Now, let's proceed to the forecasting step. We will use a popular and widely used statistical method for time series forecasting: ARIMA model. Moreover, because our time series has seasonal pattern in weekly frequency, we will use seasonal ARIMA (SARIMA) model. In order to find the parameter order required, let's look to autocorrelation (ACF) and partial autocorrelation (PACF) plot of the series.

In [None]:
from statsmodels.graphics.tsaplots import plot_acf
from statsmodels.graphics.tsaplots import plot_pacf
ts = Series(daily.dropna().item_cnt_day)
fig, ax = plt.subplots(1,2,figsize=(15,4))
plot_acf(ts,ax=ax[0],lags=45)
plot_pacf(ts,ax=ax[1],lags=45)
plt.show()

We can see that in ACF plot, there is a periodic pattern every 7 lag with decaying value. In PACF plot, we can see significant lag at 3 before it decays. There is also periodic pattern in PACF plot but the pattern is weak. From the stationarity test section, we also know that our series must be differenced by 1 lag to make it stationary. In summary, let's use SARIMA model with order parameter (1,1,3)(1,0,1)7. Mean absolute error (MAE) will be used for the forecasting metrics.

Note: because forecasting will be done using expanding window method, this may take a while.

In [None]:
import warnings
from statsmodels.tsa.statespace.sarimax import SARIMAX
from sklearn.metrics import mean_absolute_error as MAE
warnings.filterwarnings("ignore")

#split training and test set
ts = Series(daily.dropna().item_cnt_day)
train_size = int(len(ts) * 0.8)
train, test = ts[0:train_size], ts[train_size:]
history = [x for x in train]

#make predictions with expanding window method
preds = list()
for t in range(len(test)):
    model = SARIMAX(history, order=(1,1,3),seasonal_order=(1,0,1,7),enforce_stationarity=False, 
                    enforce_invertibility=False).fit()
    yhat = model.forecast()[0]
    preds.append(yhat)
    history.append(test[t])
    
# calculate out of sample error
score = MAE(test, preds)
print('Mean absolute error(MAE) score: %f' %(score))

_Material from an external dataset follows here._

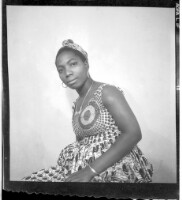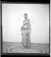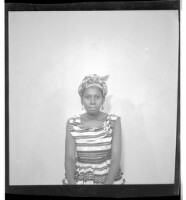 361. EAP449/2/32/361 Reference (shelfmark): EAP449/2/32/361 Title: A girl in a dress, pagne, and headscarf and necklace standing in profile in the studio. Collection Area: Endangered Archives Programme Languages: Not applicable Date Range: 2nd half od the 20th century Extent: 1 TIFF image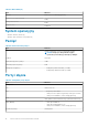 Tabela 5. Zewnętrzne porty i złącza(cd.) Opis Wartości Port dokowania Jedno złącze zewnętrznej grafiki UWAGA: Złącze zewnętrznej grafiki jest zgodne z urządzeniem Alienware Graphics Amplifier. Złącze zasilacza Jedno wejście prądu stałego 7,4 mm x 5,1 mm Security (Zabezpieczenia) Jedno gniazdo linki zabezpieczającej (blokada klinowa) Tabela 6. Wewnętrzne porty i złącza Opis Wartości Wewnętrzne: M.2 • • Jedno gniazdo M. 2 na dysk SSD 2230/2280 SATA AHCI/PCIe NVMe Jedno gniazdo M.

With this SARIMA model, we get MAE score of 399.797. Now, to further see the forecasting performance of this model, we will look into the residual correlation plot and forecasting plot.

In [None]:
res = model.resid
fig,ax = plt.subplots(2,1,figsize=(15,8))
fig = plot_acf(res, ax=ax[0])
fig = plot_pacf(res, ax=ax[1])
plt.suptitle('Correlation plot for residuals')
plt.show()

In [None]:
predicted = Series(preds,index=test.index)
plt.figure(figsize=(10,6))
sns.lineplot(data=ts)
sns.lineplot(data=predicted,color='orange')
plt.axvline(x=ts.index[train_size],color='red',linestyle='dashed')
plt.title('Forecasting with SARIMA(1,1,3)(1,0,1)7 model')

In [None]:
plt.figure(figsize=(10,6))
sns.lineplot(data=ts[train_size:])
sns.lineplot(data=predicted,color='orange')
plt.title('Forecasting result on the test period')

From the residuals correlation plot, we can see that the correlation value do not reach the significance level. This means that our model have a good performance in forecasting sales. Looking into the forecasting plot, SARIMA model can capture nearly all of the seasonal pattern with quietly small error when predicting exact values of total sales.

## Conclusion

Several conclusions can be drawn from these studies:
- Every shop in 1C-Company has its own unique pattern with different trend and different number of records.
- Total daily sales on Saturday have higher values compared to the other weekdays, except for several time points in which sales peak appeared on Tuesday.
- In weekly and monthly frequency, total sales has decreasing trend and yearly seasonal pattern with peak at the end of the year.
- The non-stationarity of the daily sales time series can be handled by differencing it by one lag.
- Forecasting can be done using SARIMA model with order parameter (1,1,3)(1,0,1,7) and the forecasting result has MAE score of 399.797.